What to produce
From the first line to the last, copy the listing exactly and omit the pictures.

Data excerpt
· · · · ·
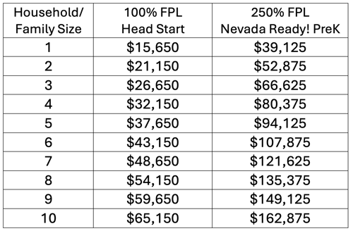 The Nevada Legislature expanded eligibility requirements for the Nevada Ready! PreK program in the 2025 Legislative session, which took effect on July 1, 2025. Children are now eligible for Nevada Ready PreK if:
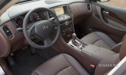 Если же техническая составляющая для вас значит гораздо больше, чем цвет кожи на ваших сидениях, то новенький EX не должен вас разочаровать. Под капотом у кроссовера компании Infiniti замечательный двигатель строения V6 с рабочим объемом в 3,5 литра. Его недюжинная мощность составляет 297 л.с., что в сочетании с пятиступенчатым “автоматом” способно заставить любого американца одобрительно кивать и давить на газ. Европейцы, наверное, будут не так оптимистичны, до последнего надеясь увидеть дизельную модификацию. Зато в список вещей, от топлива не зависящих, попадают интеллектуальные системы для помощи при переключении передач, которые носят весьма мудреные названия – DSM (Drive Sport Mode), DRM (Downshift Rev Matching) и ASC (Adaptive Shift Control). Не будем забывать и об умном полном приводе под названием ATTESA E-TS.
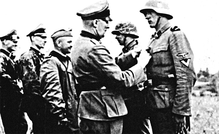 Кляйнхайстеркамп награждает эсэсовцев своего полка после боев у «линии Сталина»
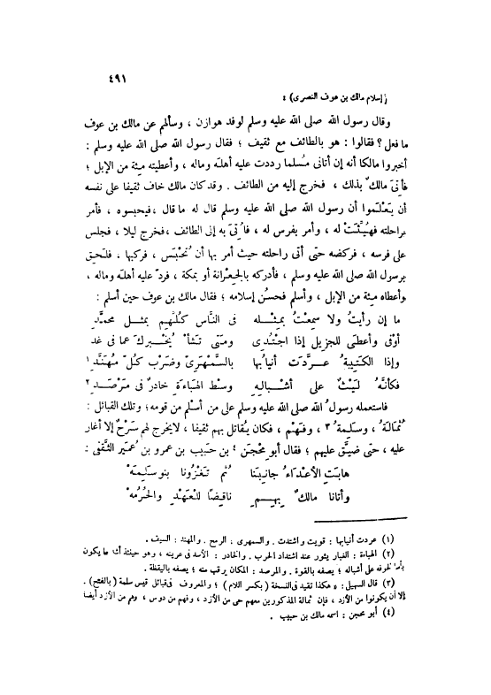 (إسْلَامُ مَالِكِ بْنِ عَوْفٍ النَّصْرِيِّ) :
· · · · ·
The completed task
 The Nevada Legislature expanded eligibility requirements for the Nevada Ready! PreK program in the 2025 Legislative session, which took effect on July 1, 2025. Children are now eligible for Nevada Ready PreK if:
 Если же техническая составляющая для вас значит гораздо больше, чем цвет кожи на ваших сидениях, то новенький EX не должен вас разочаровать. Под капотом у кроссовера компании Infiniti замечательный двигатель строения V6 с рабочим объемом в 3,5 литра. Его недюжинная мощность составляет 297 л.с., что в сочетании с пятиступенчатым “автоматом” способно заставить любого американца одобрительно кивать и давить на газ. Европейцы, наверное, будут не так оптимистичны, до последнего надеясь увидеть дизельную модификацию. Зато в список вещей, от топлива не зависящих, попадают интеллектуальные системы для помощи при переключении передач, которые носят весьма мудреные названия – DSM (Drive Sport Mode), DRM (Downshift Rev Matching) и ASC (Adaptive Shift Control). Не будем забывать и об умном полном приводе под названием ATTESA E-TS.
 Кляйнхайстеркамп награждает эсэсовцев своего полка после боев у «линии Сталина»
 (إسْلَامُ مَالِكِ بْنِ عَوْفٍ النَّصْرِيِّ) :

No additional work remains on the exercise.